Fact: I spend a lot of time talking food and boys with Leah on G-chat. (Like right now.) We’ll meet there at 8 AM to discuss the Outside the Box Challenge, and before I know it, it’s noon, and we’ve consulted on very important topics like “Which kettlebell should I buy?” and “Should you have sex before you work out?”
I’ve always loved Leah’s blog because she covers food and nutrition so well; her blog was what really helped me give up processed foods. She’s always the first to have an informed opinion on new food issues, research, and controversy. I really trust her. So when she told me last month that saturated fat might not be so bad — after I peed my pants over my cholesterol results — I listened. And I turned to her with my questions about coconut oil.
Coconut oil has always been considered a “bad fat” because it’s so high in saturated fat. I always thought of it like a naughty Catholic school girl. Like, it’s a plant fat, so it looks innocent…but then you realize when you get into it…uh-oh! But the latest research shows that maybe this plant fat/girl gone wild is actually…good! Did she go to confession or what?!
I was pretty open to this, mainly because I freaking love coconut. Leah and I talked more about it and I read her blog post on it, which links to articles about saturated fat not causing heart disease. And because I do love me some good fats — and coconut oil comes with a list of benefits — I was dying to try it. Well, first, I had to ask Leah what was really on my mind….
“What does it taste like? Because it looks like it tastes like sunscreen.”

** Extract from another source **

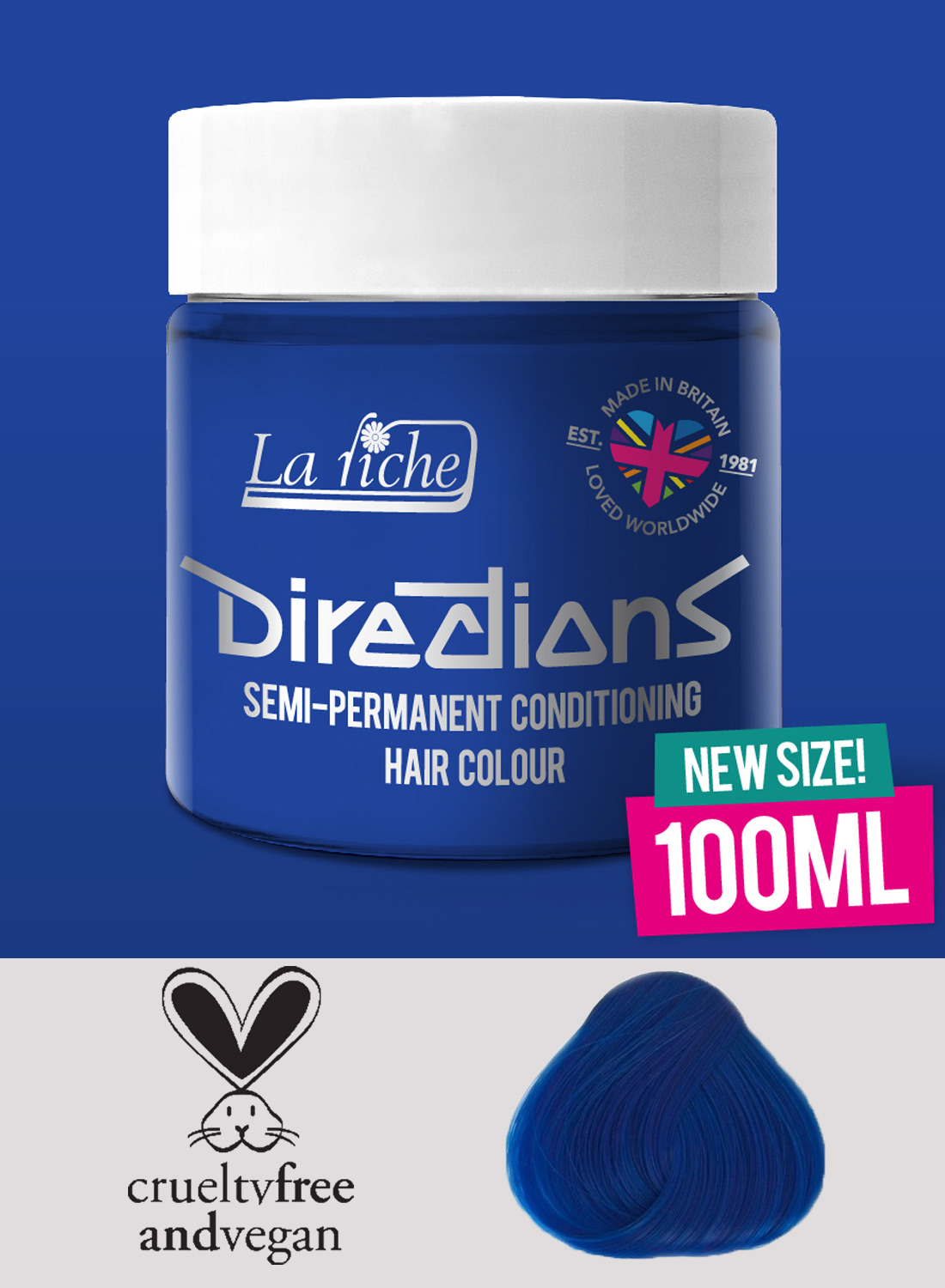 Directions Atlantic Blue er en semi-permanent hårtoning, som giver en blå hårfarve.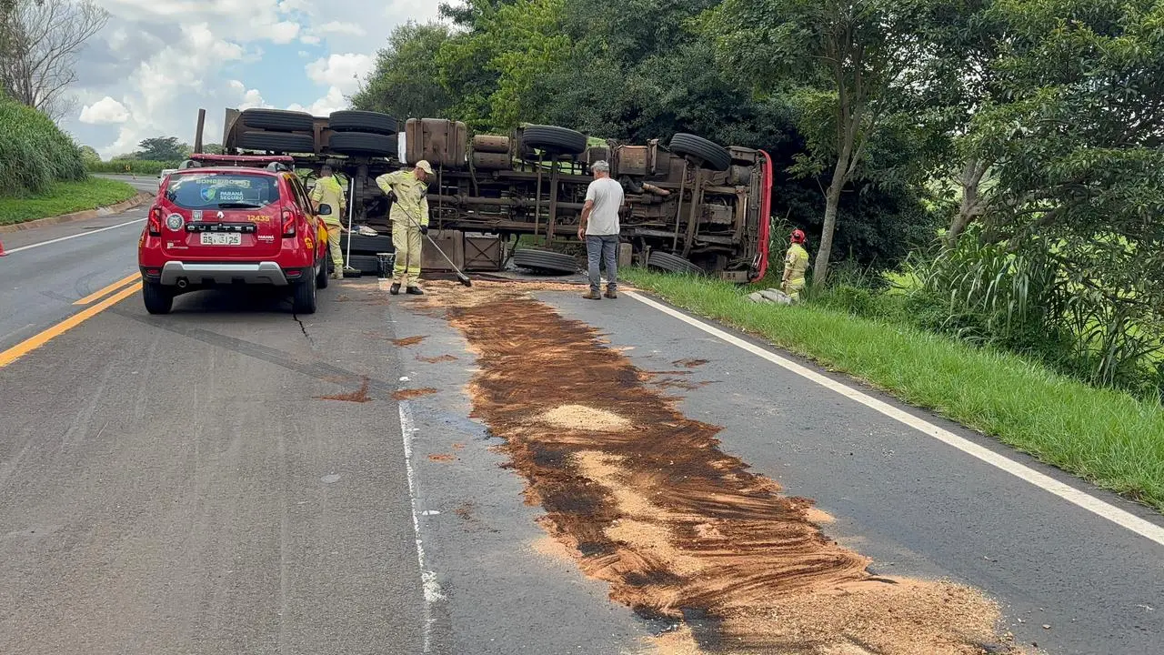 Um tombamento de caminhão foi registrado por volta das 12h40 desta sexta-feira (29), no perímetro urbano da BR-369, em Cornélio Procópio. O acidente mobilizou equipes do Corpo de Bombeiros, que realizaram o atendimento no local.

She assured me that it tasted very, very mild and that she’d been using it as a cooking oil for eggs and veggies. Then she said that you can put it in smoothies. My mind was racing with possibilities and I couldn’t even type fast enough. “OMG AND PROBABLY OATMEAL!?!?” I slammed out as she anticipated my next question and wrote, “I haven’t put it it oatmeal but I’ll bet that’s good too!”
I figured my entire life was about to turn into one pina colada flavored dish after another. I went to Whole Foods last week specifically to buy coconut oil. Two days later, I realized Spectrum makes it and it is sold at Kroger, and it’s $3 less per jar. Oh well.
I was so excited to try it! I opened it the next day at breakfast.
It totally looks like sunscreen, right?! I dabbed my finger in it and tasted it. It was…mild. Very, very light flavor.
For my first recipe, I put it in a smoothie with frozen pineapple and fronana. It was a delightful way to start the day and definitely felt tropical, but not in a “Where’s that pool boy to put lotion on my back?” sort of way. The coconut taste was very, very slight.
So far, I’ve only put it in smoothies, as I haven’t had the patience to do a new take on my pina oatlada recipe. But I’m liking it so far. It’s definitely satiating, which is awesome. A lot of the research I’ve read on the new saturated fat says to go for coconut milk, but personally, I find this thick and waxy coconut oil much sexier. I’m looking forward to sauteing shrimp in it, and using it for curry, which is one of my favorite dishes.
Have you guys used it at all? Any suggestions or creative methods??
It’s not going to replace all my MUFAs and nuts, but I really like that it’s bringing some variety to the fats I’m bringing into my bod. And it lets me pretend I’m on a beach when I’m really in suburban Michigan. Sure, the research is new, but hey…most girls around here pretend they are on a beach by spending hours in tanning beds. We know the research on that, so for now, I’ll stick with my coconut oil method, thankyouverymuch.